Sangaré berulang kali mengungkapkan bahwa praktik suami beristri lebih dari satu telah menjadi bagian dari struktur masyarakat sub-Sahara selama berabad-abad.
“Ada wanita yang secara de facto menjalani hubungan itu tetapi tidak bisa mengklaim apapun [ketika] hubungan itu dibubarkan,” ujarnya.
“Mereka tidak memiliki keamanan, mereka sendirian, terkadang harus membesarkan anak sendiri. Oleh karena itu, kami ingin mengakhiri kemunafikan ini.”
“Pasangan dengan istri lebih dari satu dapat ditemukan di mana-mana di negeri ini, di berbagai wilayah, suku, agama dan strata sosial. Jadi, mengapa tidak memperhitungkan dan melindungi mereka?,” lanjutnya.
Sejak tahun 1964 sistem monogami ketat telah menjadi bentuk pernikahan yang dilarang di negara ini, meskipun pernikahan dengan istri lebih dari satu yang dibuat sebelum tanggal ini masih dianggap sah. Jadi upacara adat yang seringkali melibatkan mahar bagi istri selain yang pertama, tidak diakui oleh hukum.

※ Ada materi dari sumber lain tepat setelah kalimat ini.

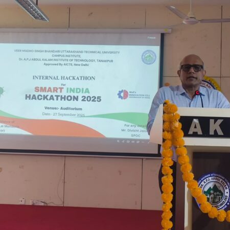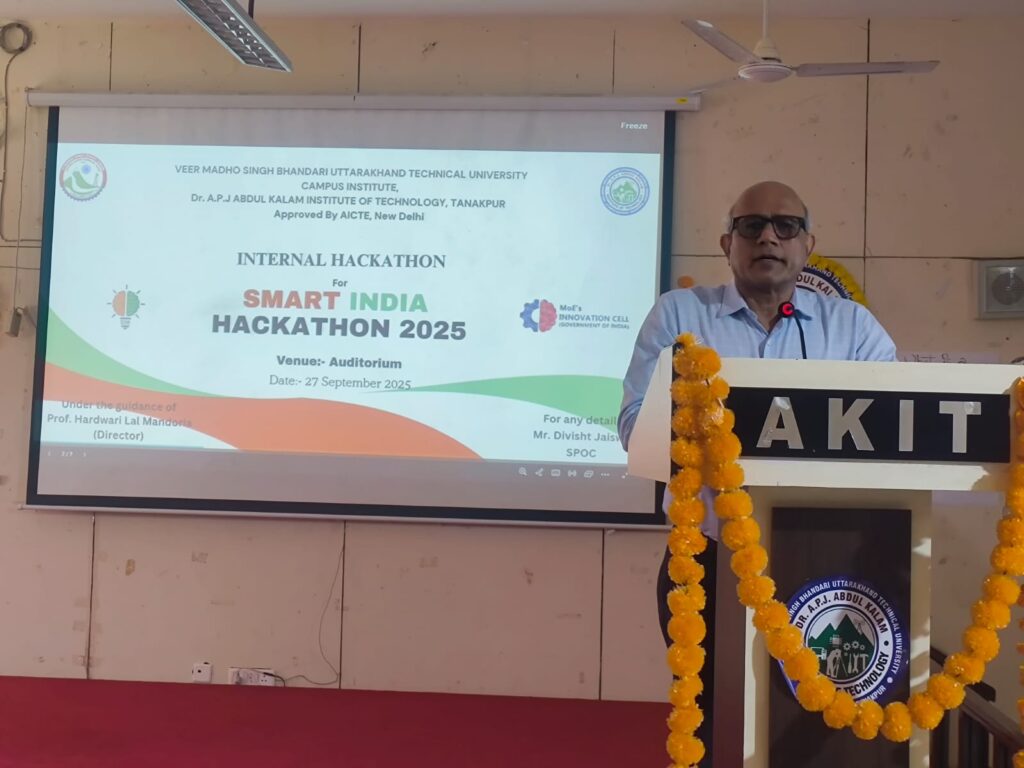 टनकपुर। डॉ. ए.पी.जे. अब्दुल कलाम प्रौद्योगिकी संस्थान, टनकपुर में आंतरिक स्मार्ट इंडिया हैकाथॉन 2025 का सफल आयोजन किया गया। यह आयोजन राष्ट्रीय स्तर पर होने वाले स्मार्ट इंडिया हैकाथॉन 2025 की चयन प्रक्रिया का एक महत्वपूर्ण चरण रहा, जिसमें संस्थान की कुल 12 टीमों ने भाग लिया। कार्यक्रम का शुभारंभ पारंपरिक दीप प्रज्वलन से हुआ जिसे संस्थान के निदेशक प्रो. हर्दवारी लाल मंडोरिया, रजिस्ट्रार डॉ. अभिषेक पाठक, डीन अकादमिक्स श्री लवजीत सिंह तथा हैकाथॉन के स्पोक एवं संयोजक श्री दिविष्ठ जायसवाल (सहायक प्राध्यापक, कंप्यूटर विज्ञान एवं अभियांत्रिकी विभाग) ने संयुक्त रूप से किया।
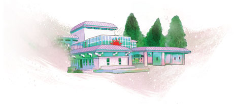 Музей ёгве был разделён на несколько зон: кафе, Призрачный зал, Зал ёгве и исследовательскую лабораторию.

Tetapi meskipun praktik beristri lebih dari satu telah menurun dalam beberapa tahun terakhir, namun itu masih dipraktikkan secara luas di Afrika sub-Sahara, dengan sepersepuluh populasi tinggal di rumah tangga dengan istri lebih dari satu, menurut sebuah studi tahun 2019 yang dilakukan oleh Pew Research Center.
Di Pantai Gading, angkanya sedikit lebih tinggi – 12 persen dari semua pernikahan memiliki istri lebih dari satu, menurut penelitian yang sama.
Sangaré telah mengadvokasi praktik ini untuk dilegalkan sejak 2014. Dia berulang menyatakan bahwa status quo tidak disesuaikan dengan realitas lokal.
Anggota parlemen itu menyebut undang-undang monogami tahun 1964 terbukti tidak efektif.
Namun, RUU tersebut masih harus melalui serangkaian tahapan sebelum dapat diajukan untuk pemungutan suara. Prosesnya bisa memakan waktu “antara lima bulan hingga lima tahun,” kata Sangare. “Kami tidak terburu-buru. Hal-hal ini selalu membutuhkan waktu” tambahnya.